Shakespeare

“Macbeth”: Guildford Shakespeare Company

Jeremy Malies in Surrey
1 March 2020

 

I thought I’d seen everything in 40 years of theatre reviewing but Macbeth by the Guildford Shakespeare Company at Holy Trinity Church produced a first. Arriving for a weekday matinee, I was pleased to see a significant curriculum audience: youngsters relish blood and gore. But not so one of their teachers. Midway through the banquet scene, she fled the theatre in fright and didn’t return even after the interval.

Director Charlotte Conquest has created a site-specific version of the best kind in which it became unclear what was a prop and what was a permanent component of the church. Venue and the play’s environment had truly merged.

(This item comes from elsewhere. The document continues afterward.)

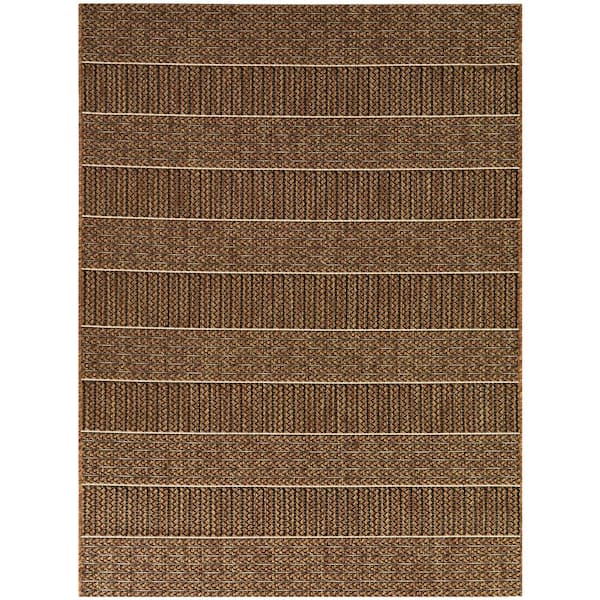 Natural Stripes Brown 9 ft. x 12 ft. Striped Indoor/Outdoor Area Rug

There is a radical decision to cast one of the company’s principal performers, Sarah Gobran, as Banquo and for her to play the role as a woman when her army uniform struck me as androgynous and she could easily have portrayed a man. There is something peculiarly masculine about the Macbeth-Banquo exchanges concerning who will rule and who will merely beget rulers, and the parade of kings had to be trimmed as a result.

As Macbeth, Jack Whitam realizes that the playwright has done most of the work for him; sit precisely on the meter of the verse and the audience will pick up every nuance of your state of mind. He is particularly adept with the confessional asides and soliloquies while immediately convincing as a career soldier.

 

Macbeth at Holy Trinity Church, Guildford. Photo credit: Matt Pereira.

 

Stella Taylor is an authentically psychopathic Lady Macbeth, truly a ‘fiend-like queen’ but with the charisma to evoke loyalty from her retinue as well as blind love from her husband whose: “She should have died hereafter” suggests that he now sees no meaning in life and craves a quick reunion with her.

Lucy Pearson is outstanding in multiple roles including a seductive first witch, Donalbain and Fleance. She switches characters and genders thanks to functional choices by costume supervisor Anett Black whose creations allow most of the cast to treble-up convincingly. I always expect first-rate verse speaking here but Annabelle Terry brings fluidity to her speeches as many characters, most notably Lennox.

Publicity blurb had suggested the piece would be set in the Balkans. I saw it rather as guerrilla warfare that had spilled over into a church, with Neil Irish’s two-tiered design using nave, altar, transepts and even pulpit.

At the macro level, the prospect of an unprincipled megalomaniac who is happy to dispose of those who have brought him to power makes us look at current leaders on both sides of the Atlantic. Shakespeare’s handling of equivocation in this play is an antecedent of the Orwellian ‘alternative facts’ used by Trump’s advisors.

 

Jack Whitam and  Eric MacLennan. Photo credit: Marc Brenner.

 

Little was done with Burnham Wood advancing on Dunsinane and you would have expected more from such an inventive company. I made a deliberate choice to attend a matinee and imagine that lighting designer Mark Dymock’s effects in the evening, notably for the sleepwalking scene and with the church’s stained glass coming into play, would have been impressive.

And the detail that sent the drama teacher rushing out? With simple stagecraft, as Lady Macbeth lifts a soup tureen at the banquet we see Banquo’s head lolling on a platter with the actor crouching under the dais. It was pulled off exquisitely and proved truly stomach-churning.